Lee Da Young, Kim Jin Soo, Park Jinmo, Han Dahee, Choi Yeongwoo, Park Ji Won, Lee Juhyun, Mariano Ermie, Namkung Seok, Hur Sun Jin
Department of Animal Science and Technology, Chung-Ang University, Anseong 17546, Korea.
Food Sci Anim Resour. 2025 Jan;45(1):31-61. doi: 10.5851/kosfa.2024.e106. Epub 2025 Jan 1.
Meat analogs are a burgeoning industry, with plant-based meat analogs, insect-based meat analogs, algae-based meat analogs, mycoprotein-based meat analogs, and cell-based meat analogs. However, despite the industry's growth potential, market expansion faces hurdles due to taste and quality disparities compared to traditional meats. The composition and characteristics of meat analogs currently available in the market are analyzed in this study to inform the development of future products in this sector.
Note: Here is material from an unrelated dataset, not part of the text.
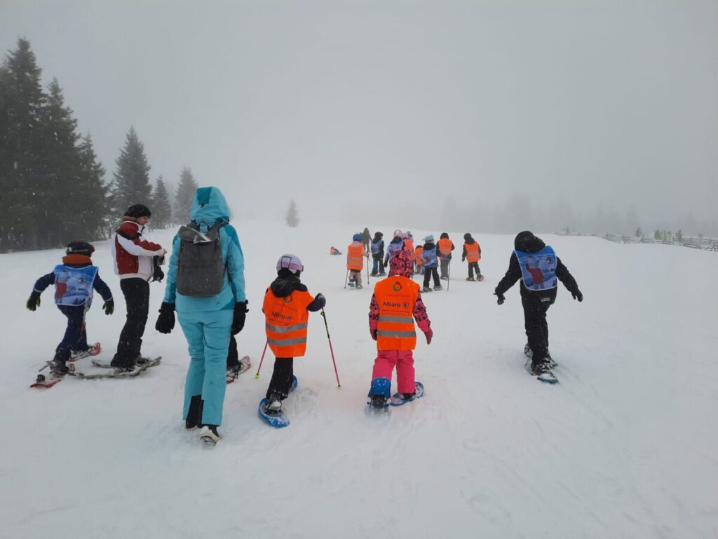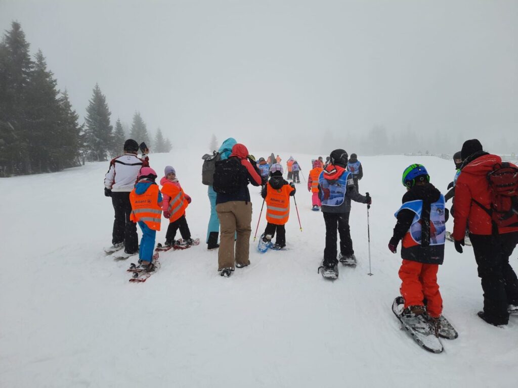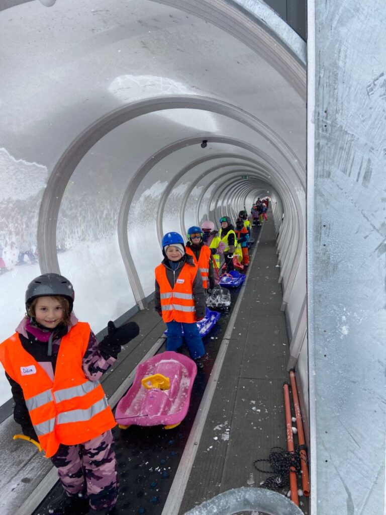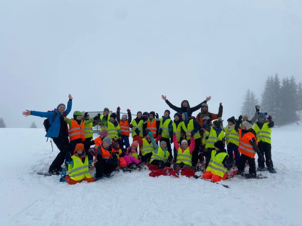 Der zweite Bewegungsschwerpunkt des Vormittages lag auf dem Bobfahren und dem Schneeschuhwandern. Auch diese Gruppen nutzten die perfekten Schneebedingungen intensiv aus. Viele Kinder marschierten das erste Mal mit Schneeschuhen. Und es machte ihnen sichtlich Spaß!

The results show that plant-based meat analogs are mainly based on soy protein together with wheat gluten and methylcellulose or spices. Insect-based meat analogs tend to contain processed larvae as the protein source. Seaweed or spirulina is often the main ingredient in algae-based meat analogs. Mycoprotein-based meat analogs all use mycoproteins. Cell-based beef, pork, chicken, and seafood products are already under various stages of development around the world, although many are still at the prototype level.
肉类替代品是一个蓬勃发展的行业,包括植物性肉类替代品、昆虫性肉类替代品、藻类肉类替代品、真菌蛋白肉类替代品和细胞培养肉类替代品。然而,尽管该行业具有增长潜力,但与传统肉类相比,由于口味和质量差异,市场扩张面临障碍。本研究分析了目前市场上肉类替代品的成分和特性,以为该领域未来产品的开发提供参考。结果表明,植物性肉类替代品主要以大豆蛋白为基础,同时含有小麦面筋、甲基纤维素或香料。昆虫性肉类替代品往往含有经过加工的幼虫作为蛋白质来源。海藻或螺旋藻通常是藻类肉类替代品的主要成分。真菌蛋白肉类替代品均使用真菌蛋白。世界各地基于细胞培养的牛肉、猪肉、鸡肉和海鲜产品已处于不同的开发阶段,不过许多仍处于原型阶段。